* _Exercise_
Pictures aside, please retype the whole listing word for word.

* _Data below_
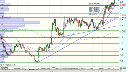 En las ultimas sesiones, encuentra obstaculos ante los 2,15, que provocan un throwback al 50%de retroceso del impulso bajista previo, desde donde rebota, superando maximos previos, con primeros objetivos en los……….Sigue en https://www.mercadosencontinuo.es/mapa
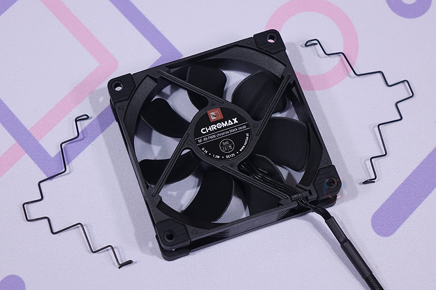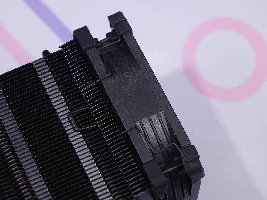 전면에 기본 장착된 92mm 팬은 앞서 제품박스에서 확인했듯이 기존 NF-A9 PWM 팬을 chromax.black 제품에 맞춰 역시 NF-A9 PWM chromax.black 모델로 출시한 팬을 적용했으며, 날개와 프레임뿐만 아니라 방진패드와 팬 클립까지도 블랙색상입니다. 물론, 팬 클립을 분리하면 쉽게 쿨러에서 분리가 되죠. 또한, 앞서 구성품에서 확인했듯이 추가 팬 클립까지 제공해주고 있기 때문에, 듀얼-팬 구성도 가능합니다.
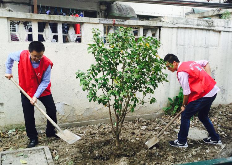 5月6日下午,浦发财务公司党总支携团员青年们来到南码头街道临沂六村居民区,开展植树活动。

* _Reply to the task_
 En las ultimas sesiones, encuentra obstaculos ante los 2,15, que provocan un throwback al 50%de retroceso del impulso bajista previo, desde donde rebota, superando maximos previos, con primeros objetivos en los……….Sigue en https://www.mercadosencontinuo.es/mapa
 전면에 기본 장착된 92mm 팬은 앞서 제품박스에서 확인했듯이 기존 NF-A9 PWM 팬을 chromax.black 제품에 맞춰 역시 NF-A9 PWM chromax.black 모델로 출시한 팬을 적용했으며, 날개와 프레임뿐만 아니라 방진패드와 팬 클립까지도 블랙색상입니다. 물론, 팬 클립을 분리하면 쉽게 쿨러에서 분리가 되죠. 또한, 앞서 구성품에서 확인했듯이 추가 팬 클립까지 제공해주고 있기 때문에, 듀얼-팬 구성도 가능합니다.
 5月6日下午,浦发财务公司党总支携团员青年们来到南码头街道临沂六村居民区,开展植树活动。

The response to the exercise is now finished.